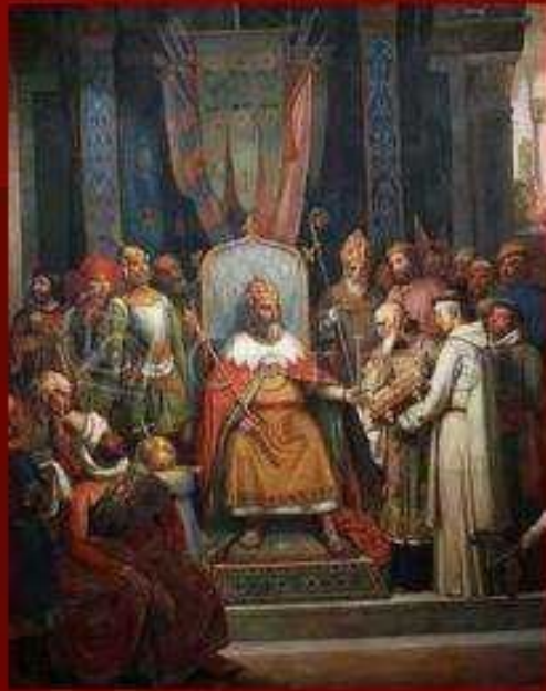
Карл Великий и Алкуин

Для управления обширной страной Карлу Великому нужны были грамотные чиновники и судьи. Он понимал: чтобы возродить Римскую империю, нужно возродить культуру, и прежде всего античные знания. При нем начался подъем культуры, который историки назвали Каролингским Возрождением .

--

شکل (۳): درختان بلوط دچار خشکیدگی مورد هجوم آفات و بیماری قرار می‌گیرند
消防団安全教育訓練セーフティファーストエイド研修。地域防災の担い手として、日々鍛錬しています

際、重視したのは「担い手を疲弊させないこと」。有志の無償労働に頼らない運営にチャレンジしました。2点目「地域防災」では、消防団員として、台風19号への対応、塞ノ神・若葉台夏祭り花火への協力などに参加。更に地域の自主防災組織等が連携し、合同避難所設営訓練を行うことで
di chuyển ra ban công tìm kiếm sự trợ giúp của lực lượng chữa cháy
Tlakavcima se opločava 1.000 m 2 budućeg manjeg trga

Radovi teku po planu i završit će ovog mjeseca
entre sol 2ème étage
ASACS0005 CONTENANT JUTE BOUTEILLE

* * *

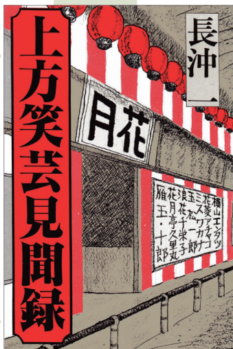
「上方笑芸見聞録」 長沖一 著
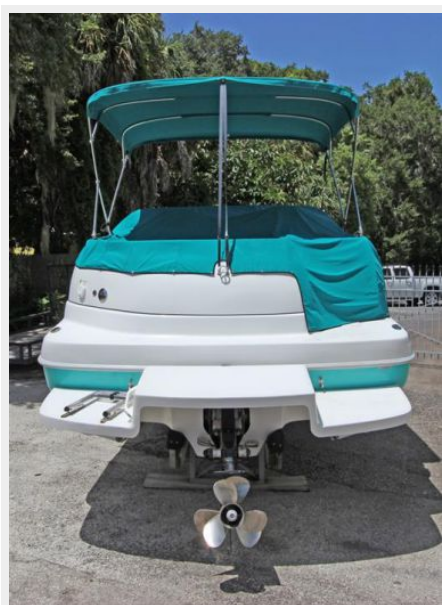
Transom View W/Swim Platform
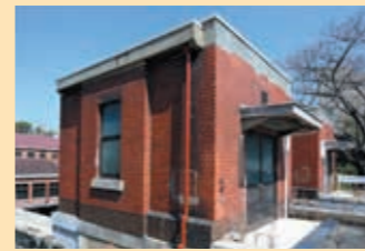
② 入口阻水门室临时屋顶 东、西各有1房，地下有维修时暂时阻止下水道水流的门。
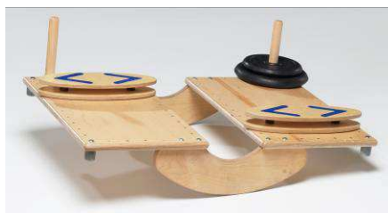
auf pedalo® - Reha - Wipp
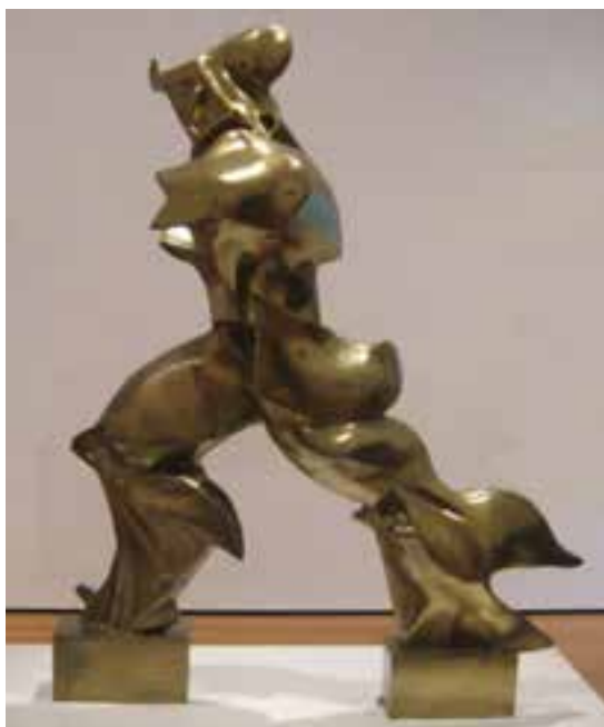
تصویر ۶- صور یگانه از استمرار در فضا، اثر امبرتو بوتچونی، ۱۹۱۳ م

- DIRECTIONS FOR THIS TASK -
Your answer should be the lines above, from the line containing "消防団安全教育訓練セーフティ" up to and including the line containing "Tlakavcima se opločava", reproduced exactly and with nothing else.

- ANSWER SPACE -
消防団安全教育訓練セーフティファーストエイド研修。地域防災の担い手として、日々鍛錬しています

際、重視したのは「担い手を疲弊させないこと」。有志の無償労働に頼らない運営にチャレンジしました。2点目「地域防災」では、消防団員として、台風19号への対応、塞ノ神・若葉台夏祭り花火への協力などに参加。更に地域の自主防災組織等が連携し、合同避難所設営訓練を行うことで
di chuyển ra ban công tìm kiếm sự trợ giúp của lực lượng chữa cháy
Tlakavcima se opločava 1.000 m 2 budućeg manjeg trga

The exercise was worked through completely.